Pini and Jitokeze have recognized that there is a deeper issue than simply limited resources: cattle are valued more than human life. Below is an excerpt from a recent report to Covenant World Relief that details a conflict transformation training session:
There was no lack of response [in discussing the story of Rizpah in 2 Samuel 21, a woman who lost her two sons in politically- and religiously-motivated revenge killings and responds with nonviolent public action], but the esoteric discussion wasn’t getting them anywhere. To bring their discussion to a tangible place, Dan [a missionary who was co-facilitating the training] brought out a chair to represent a hypothetical young man, Ngoroko (“warrior” in Swahili) who had been killed in a cattle-rustling conflict. He asked the group to make up the details about the life of this imaginary young man, to put flesh on his bones, and to speak for the young man, to give voice to the empty chair.

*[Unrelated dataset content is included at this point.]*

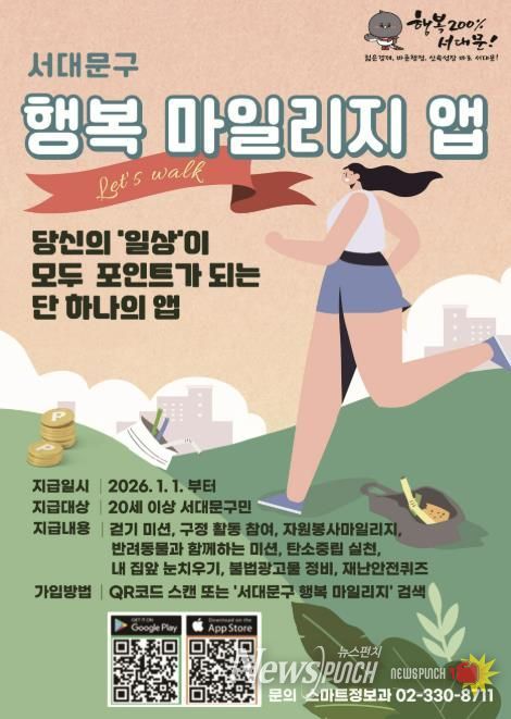 뉴스펀치 김완규 기자 | 서대문구는 1월 1일 새해부터 ‘서대문구 행복 마일리지 앱’을 통해 20세 이상 구민을 대상으로 본격적인 포인트 지급에 나선다고 24일 밝혔다.

The men spoke for quite a time about how to judge Ngoroko’s actions and about whether or not to exact revenge for his death. The women were encouraged to speak. A village chief was first among them and she responded in the same way. Then, a woman stood up and walked deliberately over to the chair. She sat in it and identified herself as Ngoroko’s mother. Instead of talking from cultural mores about what is an acceptable way to respond to her son’s death, she spoke from a mother’s heart of the value of life and of her pain. Her response was counter to everything that had been said before.
This was the moment of transformation.
With this shift in the conversation, the facilitators encouraged the group to struggle for change from within themselves and within their culture, and not to rely on the decisions and movements of outsiders. The process of healing will still be difficult, but it will grant some long-silenced voices, like Ngoroko’s mother, the chance to speak truth into the conflict between the two broken communities.